I'm having a problem calling SNPs from a sorted bam file with GATK HaplotypeCaller. The file is a merged file of two technical replicates that were each sequenced on different lanes and aligned to the reference genome. When I run Picard ValidateSamFile on the bam file, I got the following error: "ValidateSamFile Value was put into PairInfoMap more than once." I also ran ValidateSamFile on the intermediate sam file for this sample (before its was converted to bam and sorted), and ValidateSamFile did not give me that error message when ran on the sam file. So, it appears that during the step where the sam file was converted into a bam file and sorted with samtools sort, something about read group information was disrupted.
Has anyone encountered this before, or have an ideas as to what would cause this issue? I tried aligning this sample to the reference genome again using the -M tag in bwa-mem (initially I didn't use the -M tag), but this issue wasn't resolved. I haven't been able to find much information about this error, other than suggestions to run Picard AddOrReplaceReadGroups to rename read group information. I'm will likely try this next but I'm going to need to call SNPs on a handful of files like this, so if possible I'd to figure out and fix what the underlying problem is before I resort to replacing the read group information for each sample.

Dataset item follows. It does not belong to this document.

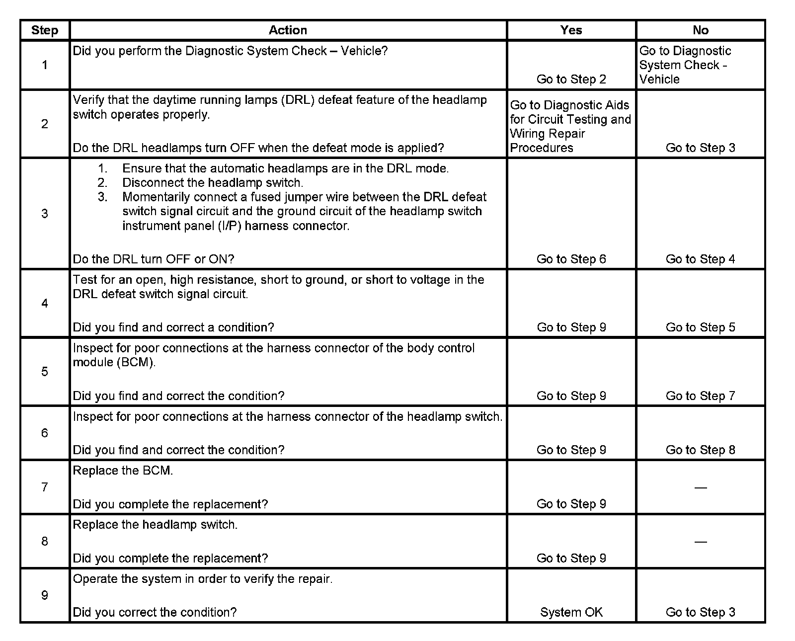 Daytime Running Lamps (DRL) Defeat Inoperative
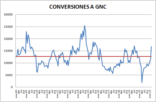 El promedio que se observa en el gráfico es el del total de la serie, que va desde enero de 2000 hasta marzo de 2021, y es de 12.660 conversiones por mes. De los últimos meses, el único que supera ese promedio es el de marzo de 2021.

Thank you in advance for your help!
cross-posted to another site: https://gatk.broadinstitute.org/hc/en-us/community/posts/360077152632-Error-ValidateSamFile-Value-was-put-into-PairInfoMap-more-than-once-
this is the first part of the message. What is the second part ? ( https://github.com/samtools/htsjdk/blob/master/src/main/java/htsjdk/samtools/CoordinateSortedPairInfoMap.java#L132 )
Thanks for your reply. Unfortunately, there's is not another part to the error message. After the "ValidateSamFile Value was put into PairInfoMap more than once" there is a "1:" followed by a 31 digit sequence and then things like the date/time and a finished message are output.
please run
what is the output ?
It found 6 matches:
where is the "the-31-digit-sequence" in the first column ??
I didn't copy the first column with that information- I didn't know that sequence is important, but it was there in the first column. Would that help to figure out what the issue is?
It was A00975:57:HHGM7DRXX:2:2122:1922:36949 for each of the 6 rows
this doesn't look like a SAM file; For example the cigar string 73M78S should be in the 6th column while your example it's in the 5th column.